Records:
★ ★ ★ ★
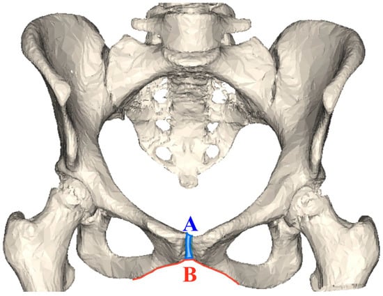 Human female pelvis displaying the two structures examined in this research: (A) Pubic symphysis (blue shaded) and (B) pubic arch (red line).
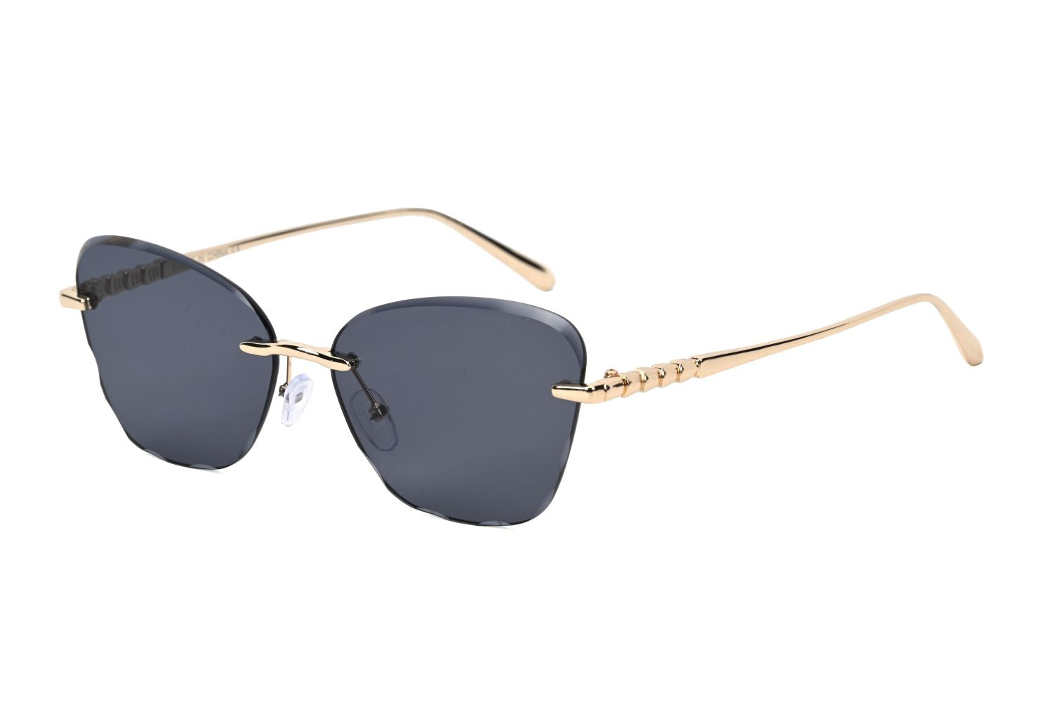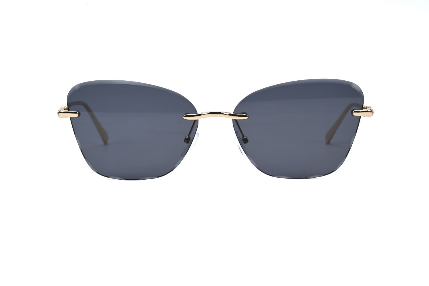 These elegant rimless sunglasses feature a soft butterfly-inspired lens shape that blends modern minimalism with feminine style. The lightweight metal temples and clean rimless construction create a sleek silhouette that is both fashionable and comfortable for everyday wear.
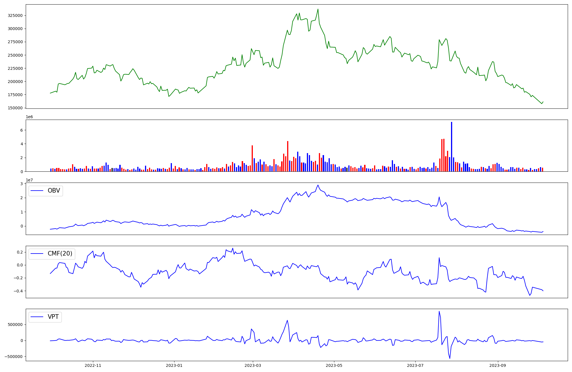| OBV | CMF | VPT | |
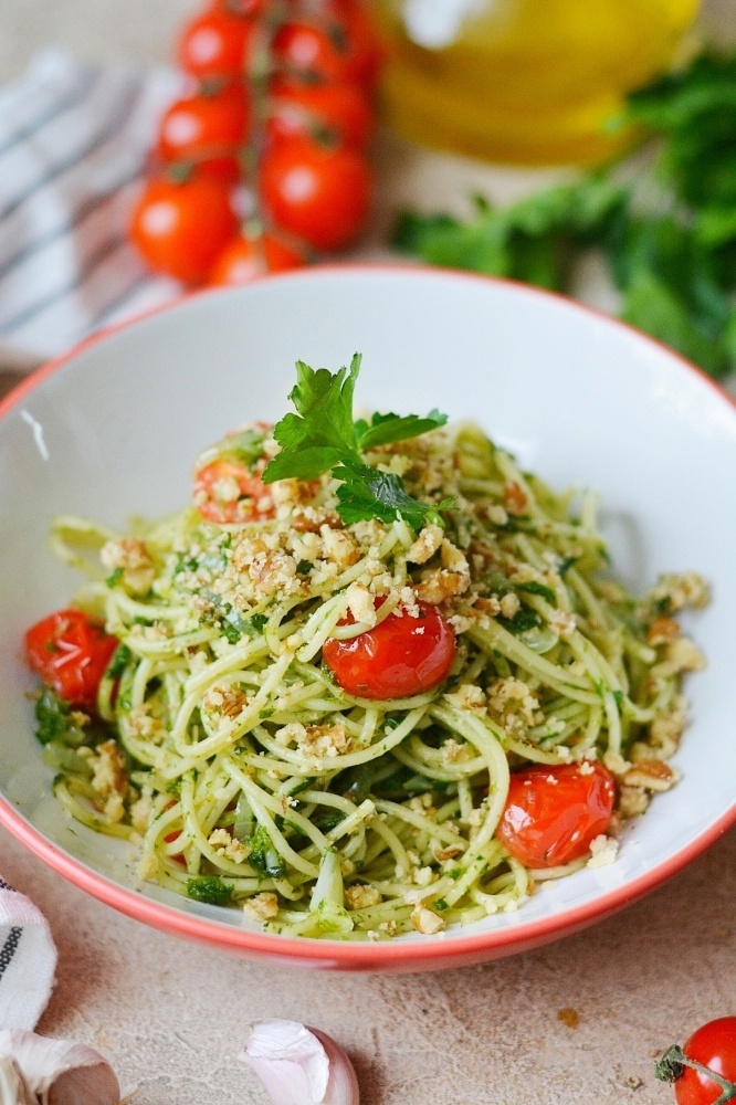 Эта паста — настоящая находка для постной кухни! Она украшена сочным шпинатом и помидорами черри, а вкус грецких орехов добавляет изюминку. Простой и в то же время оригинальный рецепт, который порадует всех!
★ ★ ★ ★
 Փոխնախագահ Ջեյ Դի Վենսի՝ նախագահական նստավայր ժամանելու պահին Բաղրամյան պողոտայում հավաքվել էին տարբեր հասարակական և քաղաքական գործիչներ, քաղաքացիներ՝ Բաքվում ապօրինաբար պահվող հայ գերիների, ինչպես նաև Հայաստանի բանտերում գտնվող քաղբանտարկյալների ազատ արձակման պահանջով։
★ ★ ★ ★
Task to carry out: Take the material above and output only the lines from the one that contains "Human female pelvis" through the one that contains "Эта паста —", ends included and images left out.

Answer below:
 Human female pelvis displaying the two structures examined in this research: (A) Pubic symphysis (blue shaded) and (B) pubic arch (red line).
 These elegant rimless sunglasses feature a soft butterfly-inspired lens shape that blends modern minimalism with feminine style. The lightweight metal temples and clean rimless construction create a sleek silhouette that is both fashionable and comfortable for everyday wear.
| OBV | CMF | VPT | |
 Эта паста — настоящая находка для постной кухни! Она украшена сочным шпинатом и помидорами черри, а вкус грецких орехов добавляет изюминку. Простой и в то же время оригинальный рецепт, который порадует всех!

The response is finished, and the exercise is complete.